NLP systems, like life, are about choices and tradeoffs. One such choice is the designation of the smallest unit our models see. Usually, in language, we work with words. This post explores the merits and drawbacks of another, unintuitive, choice, working at the character level.

Character level models give up the semantic information that words have, as well as the plug and play ecosystem of pre-trained word vectors. In exchange, character level deep learning models provide two fundamental advantages. They alleviate vocabulary problems we encounter on the input of our model, and they remove the computational bottleneck at the output of our model.

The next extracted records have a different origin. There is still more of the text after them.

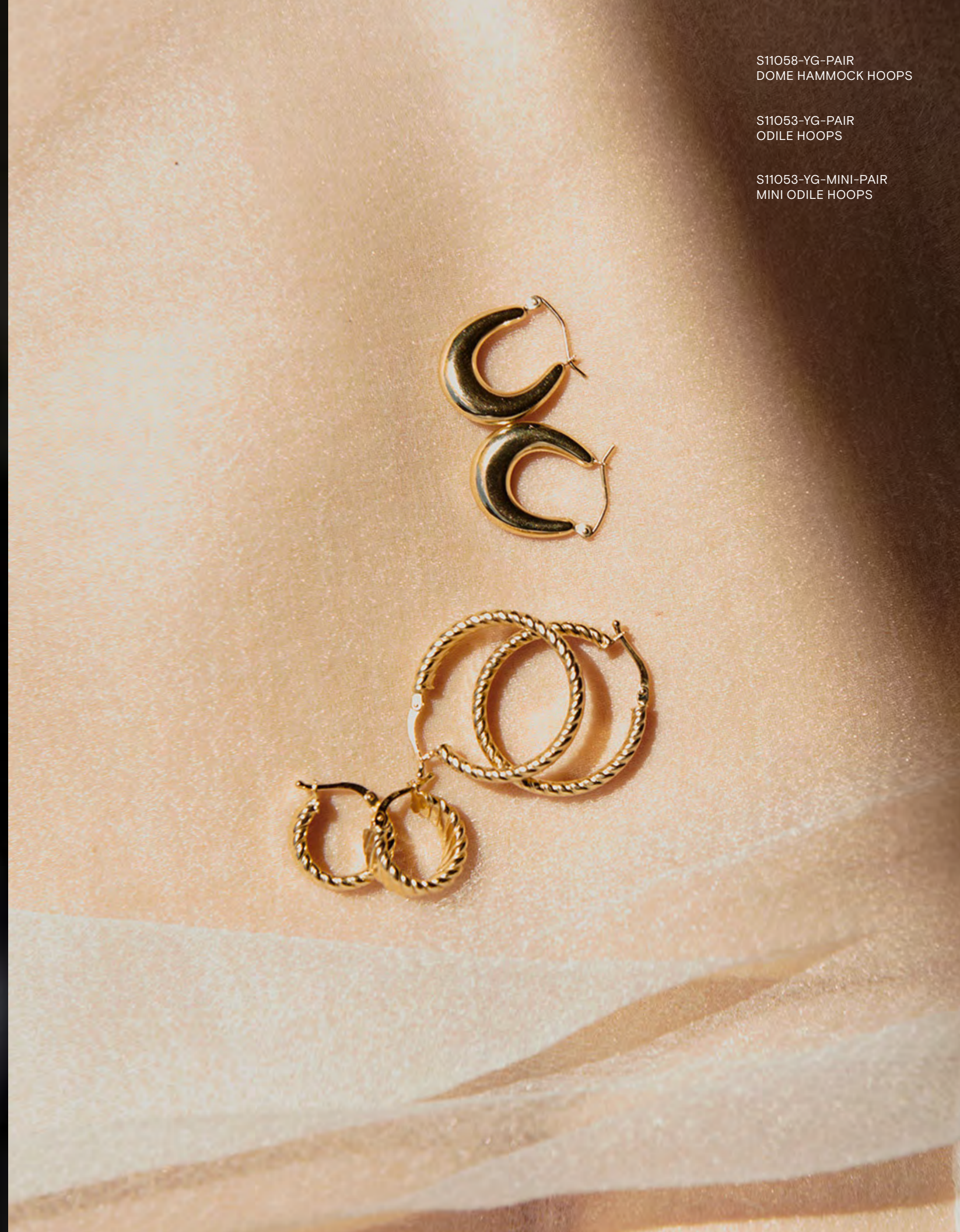
S11058-YG-PAIR DOME HAMMOCK HOOPS
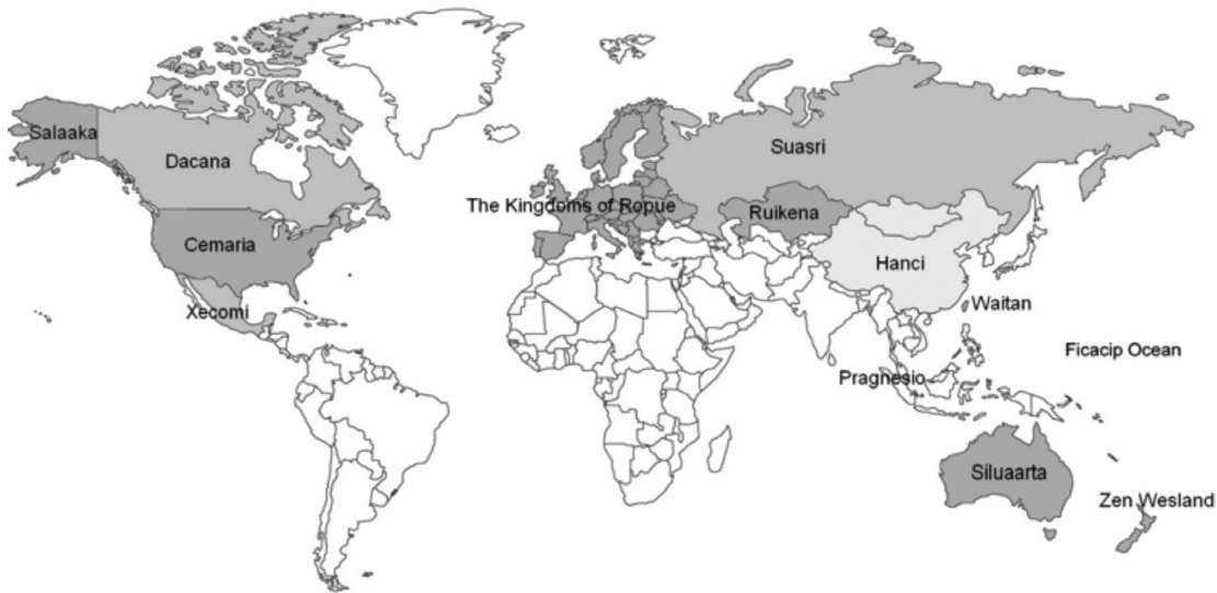
Figure 1. The kingdoms of the world
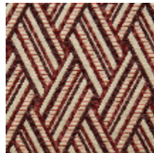
0568-09 VACOA - TOMETTE
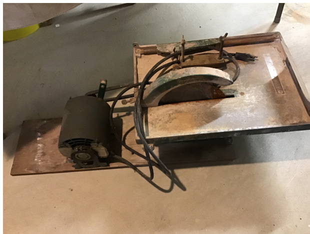
Covington 10" Trim Saw
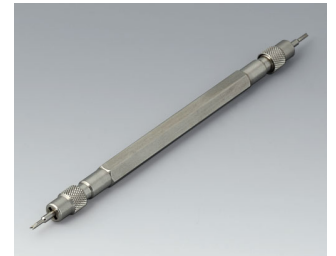
B1706203 Spring bar tool Stainless steel
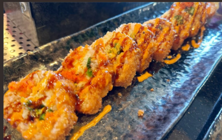
Tiger's Eye Roll $ 17.95 Smoke salmon, blue crab, cheese, cucumber with soy paper deep fried Chef special sauce
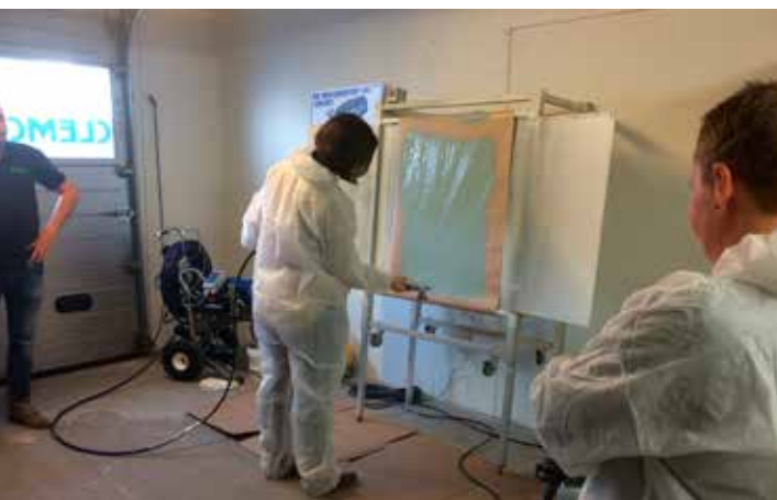
They also had a lot of fun trying out the UltraMax II 695
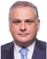
Mr Jorge SEGURO SANCHES Member Committee on European Affairs PS - S&D
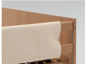
Foam leather cover
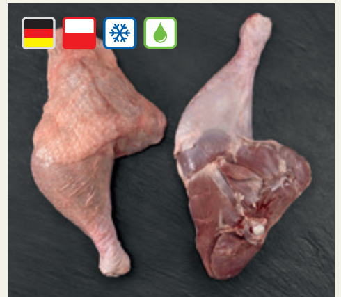
Turkey leg quarter, male
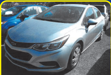
2018 CHEVY CRUZE AT • 1.4L STK# 24990

DD-Motors.com 301-463-2404 DD-Motors.com
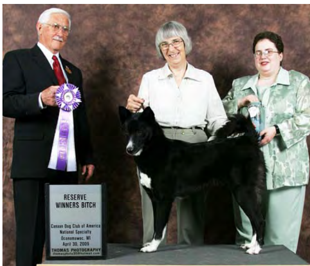
Reserve Winners Bitch Blue Sky Desert Star Luna Eclipse

On the input side, they dramatically increase the vocabulary our models can handle and show resilience in the face of spelling mistakes and rare words. On the output side, character models are computationally cheaper due to the small size of their vocabulary. This attribute makes training techniques (such as cotraining a language model) feasible and fast even under a constrained budget.

This post follows the following structure. We first illustrate problems we frequently encounter when working at the word level which character level models are set to solve. Since the character level models are counterintuitive, we ask if they can learn anything significant and show a few works that answer that question. We then discuss the advantages and drawbacks of working at the character level and conclude with other techniques that solve the same problem.

Oil well analytics - a motivating example

WellLine provides "AI-Driven Well Timelines for Well Optimization" and were one of LightTags first customers. Part of their work is applying natural language processing to the human written logs each oil well produces.

Annotating Oil Well Logs
Annotating Oil Well Logs with LightTag

WellLine's domain is almost a subdialect of English. Many of the words are in English, but many are not, there are abbreviations and jargon that only a domain expert could understand. Since this domain isn't abundant on the internet, common pre-trained NLP solutions such as word vectors don't have a vocabulary that fits WellLine's.

In WellLine's case, measurements and units are important, but tokenizing them before applying a model can lead to trouble. Consider the term 9 7/8" BHA that is annotated as Rig Equipment. A standard tokenizer, that is - a standard assumption of what a word is, would separate the numbers giving us [9,7,/,8,"]. A more accurate tokenizer would require significant domain expertise and engineering effort to produce.

Many NLP use cases in industry follow a similar pattern. While the language of the texts in question is English, they tend to have unique words, abbreviations and use of punctuation or emoji that challenge conventional views of what a token is. Using off the shelf solutions that assume a standard tokenization is often counterproductive, as we saw above. However, the time and money required to build a domain-specific tokenizer might be very high.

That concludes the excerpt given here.